If you’re new to Raspberry Pi or Linux, I’ve got something that can help you right away!
Download my free Linux commands cheat sheet – it’s a quick reference guide with all the essential commands you’ll need to get things done on your Raspberry Pi. Click here to get it for free!
Cluster presentation
What’s a cluster?
Basically, a cluster is a group of computers in a single entity.
The goal is to make them work together to improve the global performance.
All of the computers in a cluster work on the same task, reducing the time needed to finish it.
Don’t confuse computer clusters with load balancing.
In load balancing architecture, each computer is working on a different task to decrease the master node’s load.
In a cluster, we take advantage of the total power of the cluster to run a task in parallel.
Cluster examples
Computer clusters find their origins in the 60s and are still used today (at the same time as the first works on networking).
The first commercial computer cluster in the history is the Arcnet (see the image on the left).

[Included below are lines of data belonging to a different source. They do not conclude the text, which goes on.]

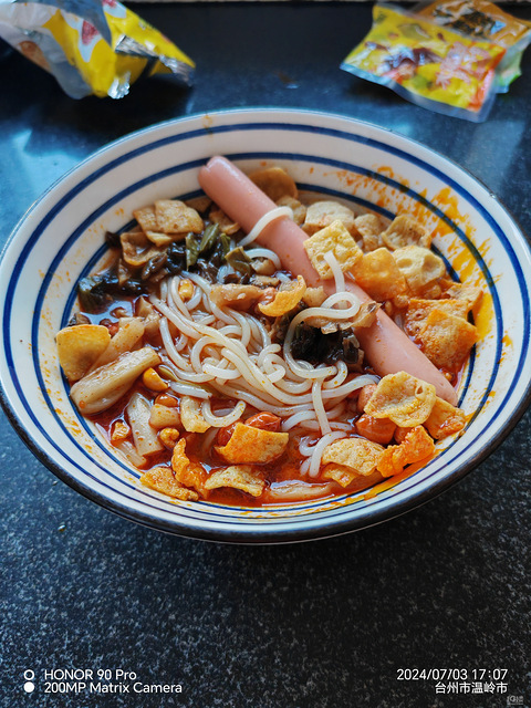 好久没吃了,居然想吃了,来,煮一包,粉冷水下锅,水开再煮12分钟,然后捞出来,放入各种料汁配料,拌匀开炫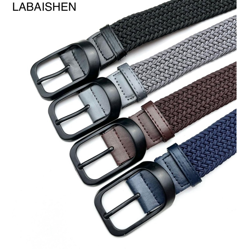 Labaishen Sabuk Ikat Pinggang Pria Modis Simple Ikat Pinggang Jalin Elastis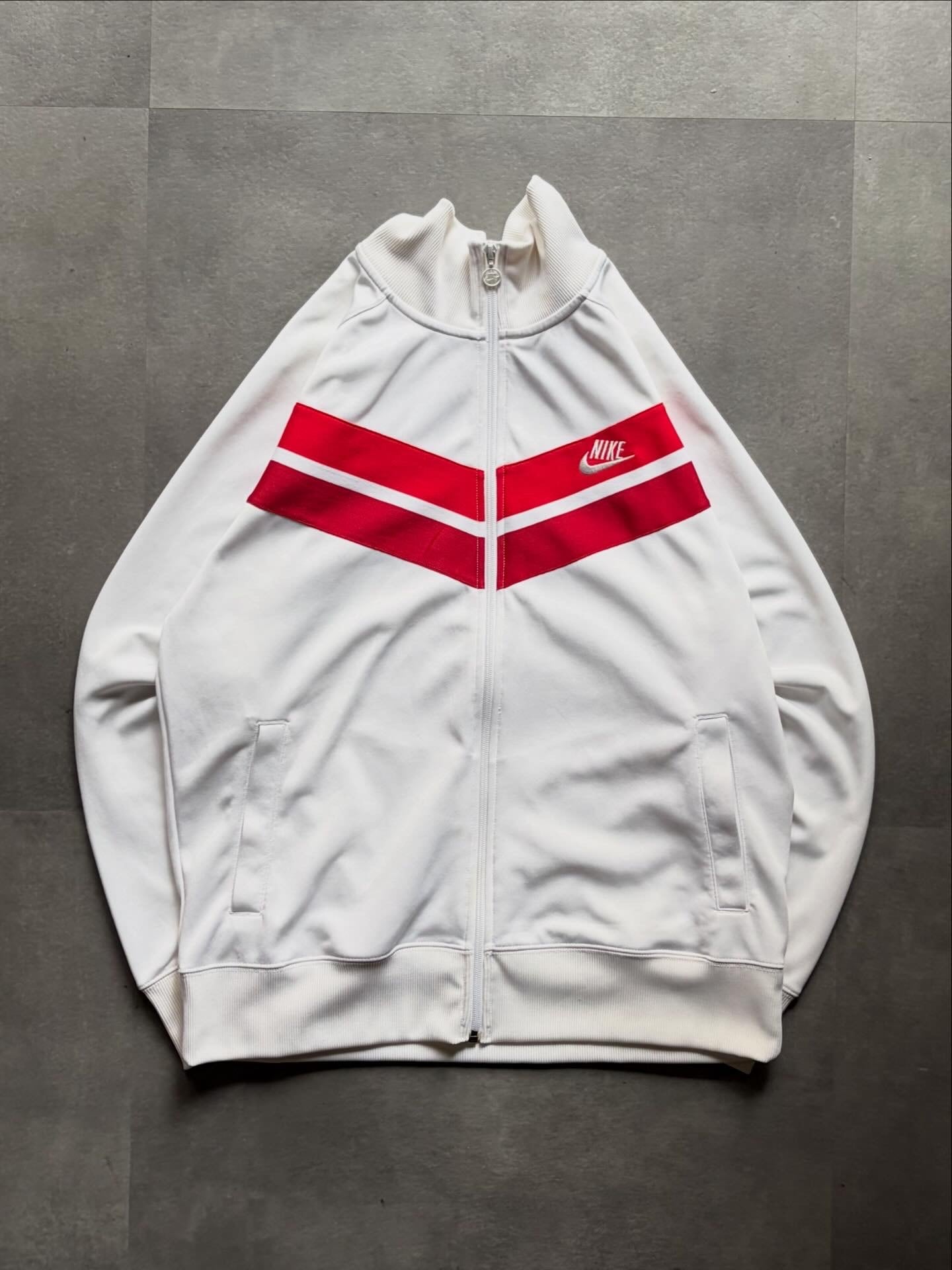 白ボディに赤のV字ラインが映える、NIKEのトラックジャケットです。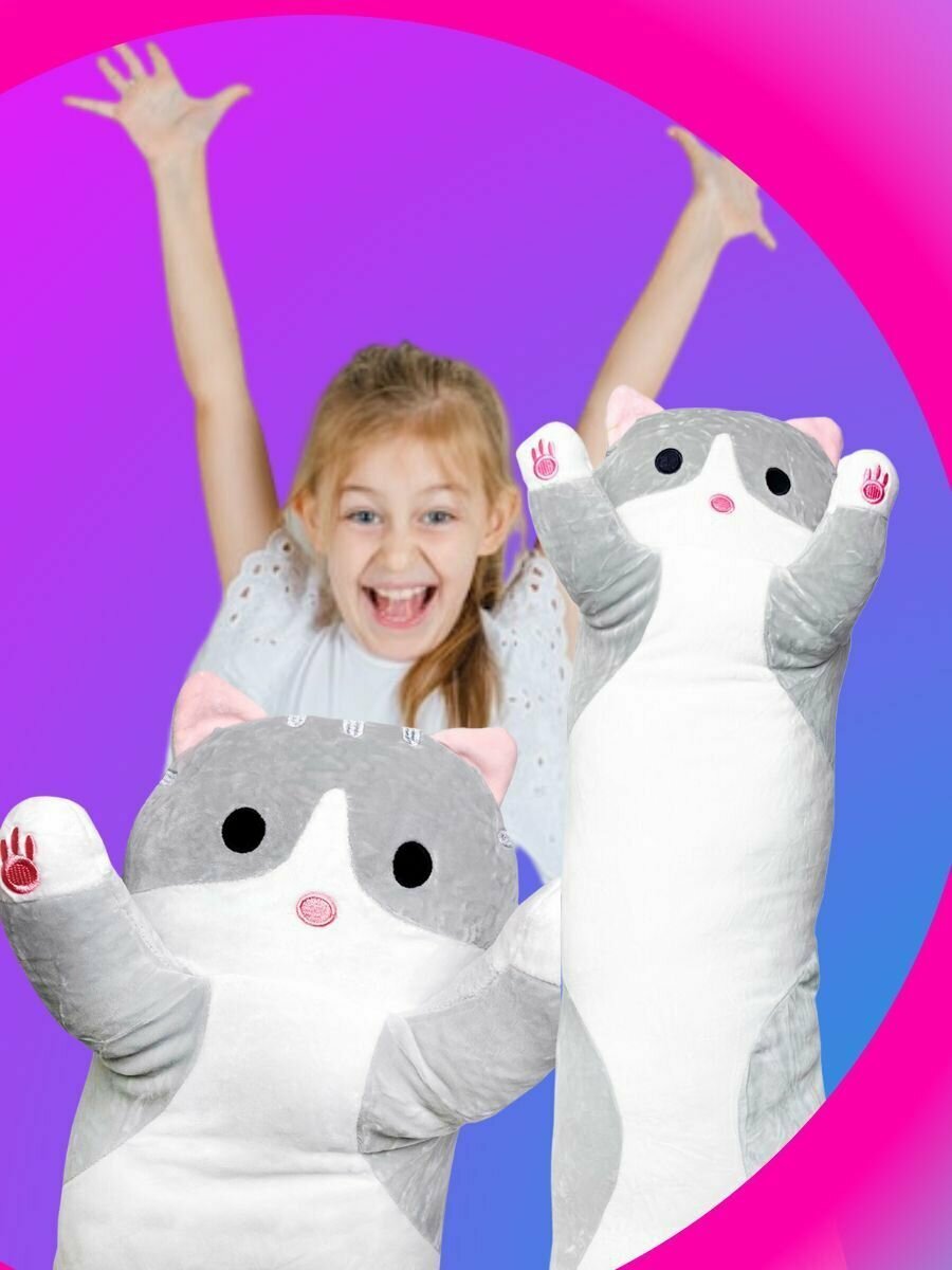 Мягкая игрушка-подушка длинный кот батон розовый антистресс 90см

Its goal was to connect groups of Datapoint 2200 computers.
It’s damn old in the computer history :).
At the time of writing this, the IBM Summit from the ORNL laboratory is the biggest supercomputer in the world.
With over 2 million CPU cores and 3000To of RAM, and always increasing, it will be tough to compete with.
Here is an illustration below if you want to know what it looks like:
Raspberry Pi application
Let’s go back to our more realistic dimensions with the adaptation of that definition on our Raspberry Pi.
As you know, the Raspberry Pi is not very powerful, but it’s cheap.
So, it’s the perfect device to build a cluster.
We can make a Raspberry Pi run tasks faster on 4 devices instead of only one, for a reasonable price.
In this tutorial, I’ll show you how to build your first Raspberry Pi cluster.
You can build a cluster with two nodes to start and add others later if needed.
Prepare your Raspberry Pi cluster
Make a plan
It’s always a good idea to think about what you are building.
I’m doing this exercise for you, with two Raspberry Pi:
- A Raspberry Pi 4B 4G: the master node that will control everything
- A Raspberry 3B+: the second node, to increase global performance
As the preparation phase can be pretty long (especially if you are using many nodes), I’ll prep the 4B only.
Then I’ll copy the SD card to another one, to get a Raspberry Pi 3B+ almost ready without having to do the whole preparation phase on the 3B+.
Finally, there are extra steps for both Raspberry Pi devices to connect them together and run the first script.
If you have more than one node to add, repeat the same process for each node.
Prerequisites
To follow this tutorial, you’ll need:
- 2 or more Raspberry Pi (any model, but I recommend the Raspberry Pi 4B)
- 2 or more SD Cards (check my recommended product page if you need some)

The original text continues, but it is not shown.